Genetic studies in patients with DFNB4 (autosomal recessive nonsyndromic hearing loss 4) and enlarged vestibular aqueduct (EVA) have identified rare heterozygous FOXI1 variants in small cohorts but no definitive biallelic or familial segregation. A novel FOXI1 c.519C>A (p.His173Gln) was found in 1/46 EVA probands (PMID:27997596), and c.677C>T (p.Thr226Ile) in 1/29 DFNB4/Pendred probands (PMID:24860705). Large sequencing panels attribute most diagnoses to biallelic SLC26A4 or other loci, with FOXI1 variants accounting for <2% of cases and lacking evidence of recurrence or segregation.
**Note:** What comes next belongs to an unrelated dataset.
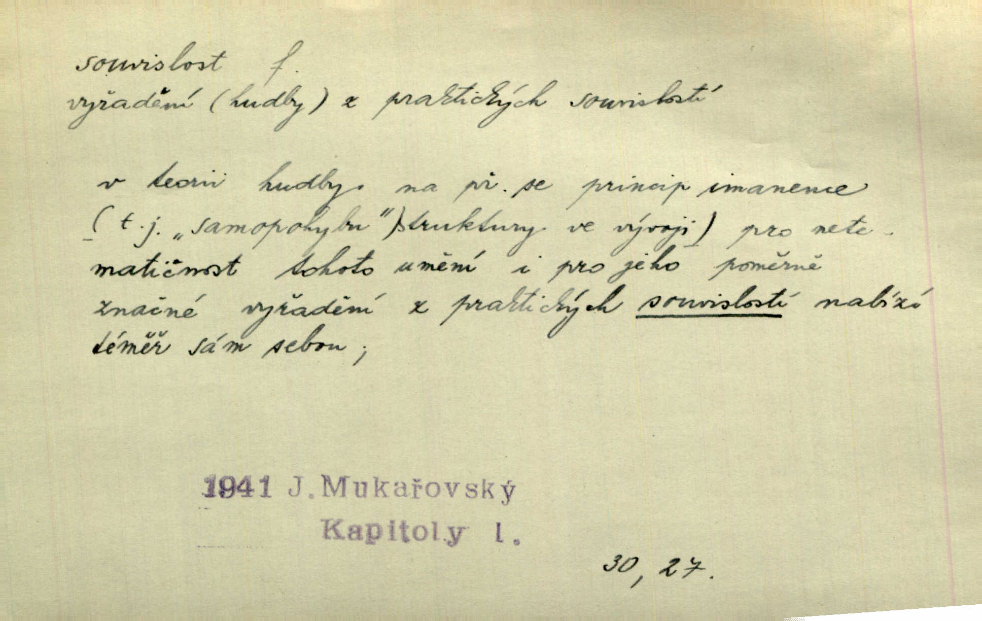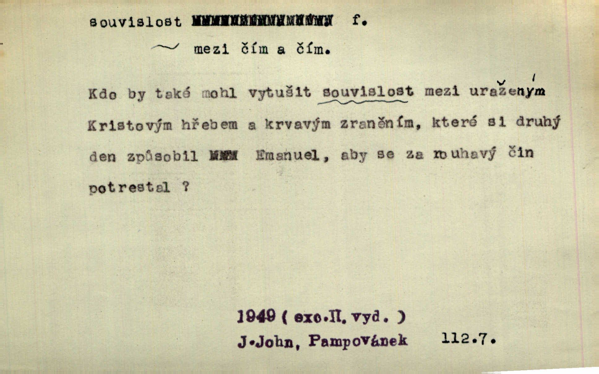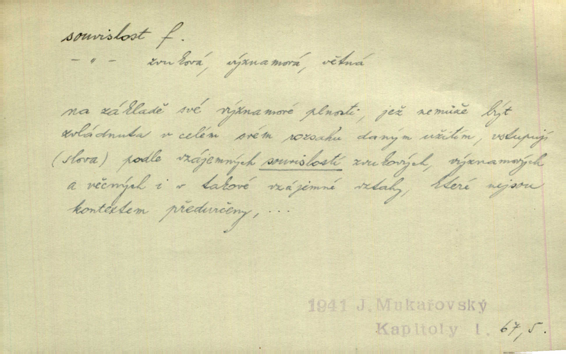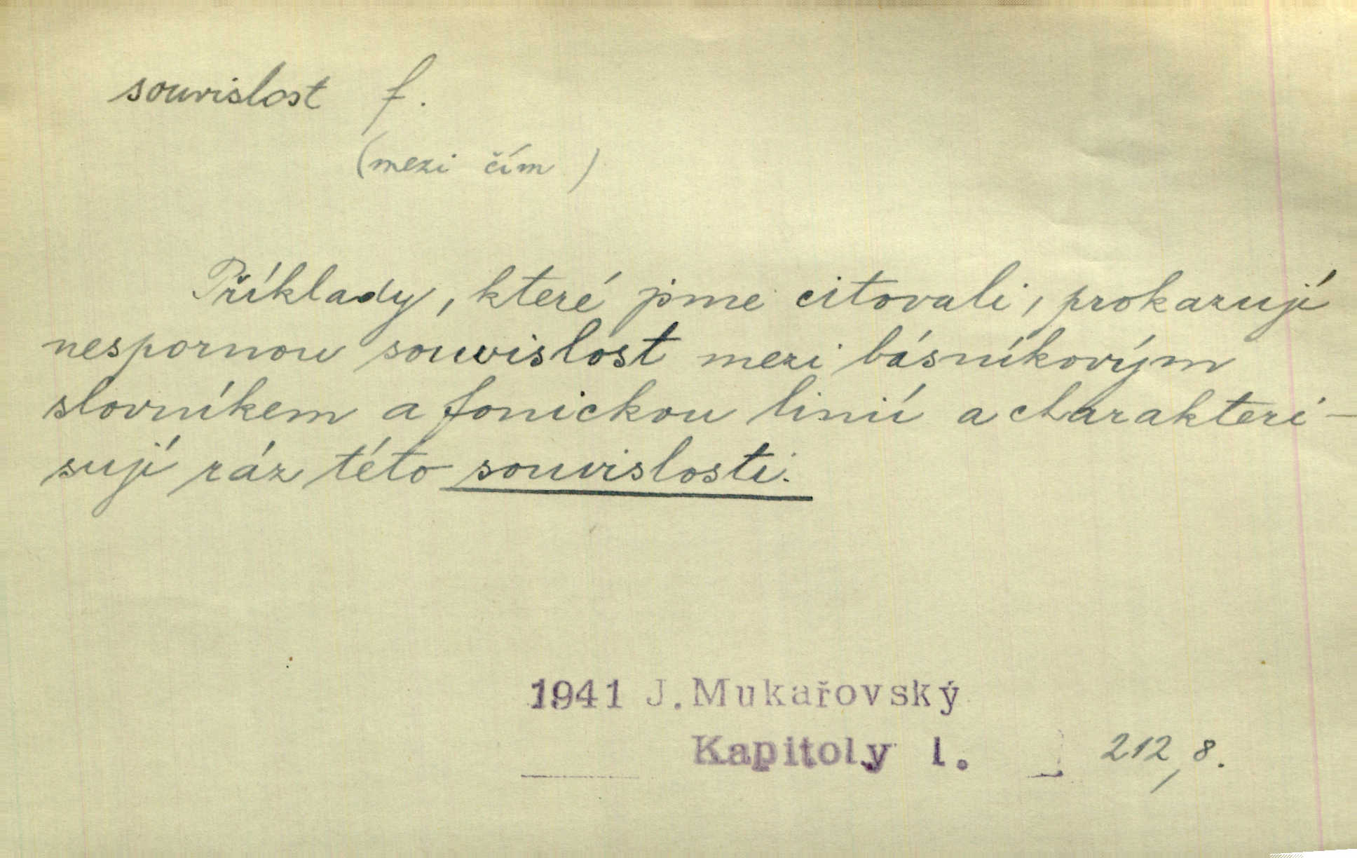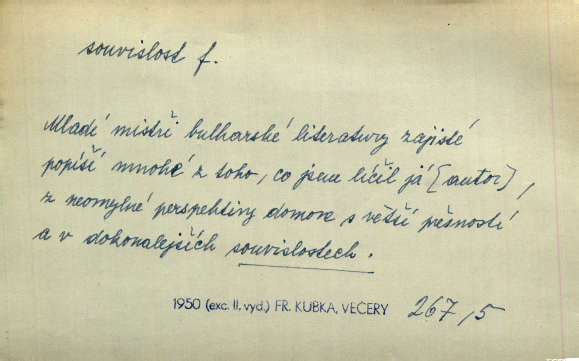 - souvislost, -i f. vzájemná spojitost, plynulost, nepřerušovanost. To byla první věta, jakou v souvislosti pronésti se mu dnes podařilo bez přerušování. Just. Velitel roty se stará o udržení souvislosti palby, aby nepřítel neměl před sebou nepostřelovanou mezeru. Voj. sl. kn. D vzájemný vztah, poměr k něčemu. Musím si uvést v souvislost to, co vidím. K. Čap. Těžko udati, jakou vnitřní souvislost tato slova měla. Hál. Při vší své fantastičnosti zůstává [Aleš] i tu v živé souvislosti s přírodou. V. Mrš. Novákova mohutná Jihočeská suita je důkazem nesmírné souvislosti skladatelovy s rodnou zemí. Rozhlas. Srovnáváme-li vespolek slova téhož významu v různé souvislosti větné, poznáváme, v jaké prvky lze slova rozčleňovati. Ertl. Práv. souvislost v řízení trestním.

Functional assays show that FOXI1 missense variants do not significantly impair transcriptional activation of SLC26A4 or its promoter in vitro (PMID:22285650), and comprehensive promoter screens reveal no pathogenic FOXI1 alleles in EVA or DFNB4 cohorts. No animal or rescue models support a haploinsufficiency or dominant-negative mechanism. These data together support a Limited gene–disease association for FOXI1 in DFNB4.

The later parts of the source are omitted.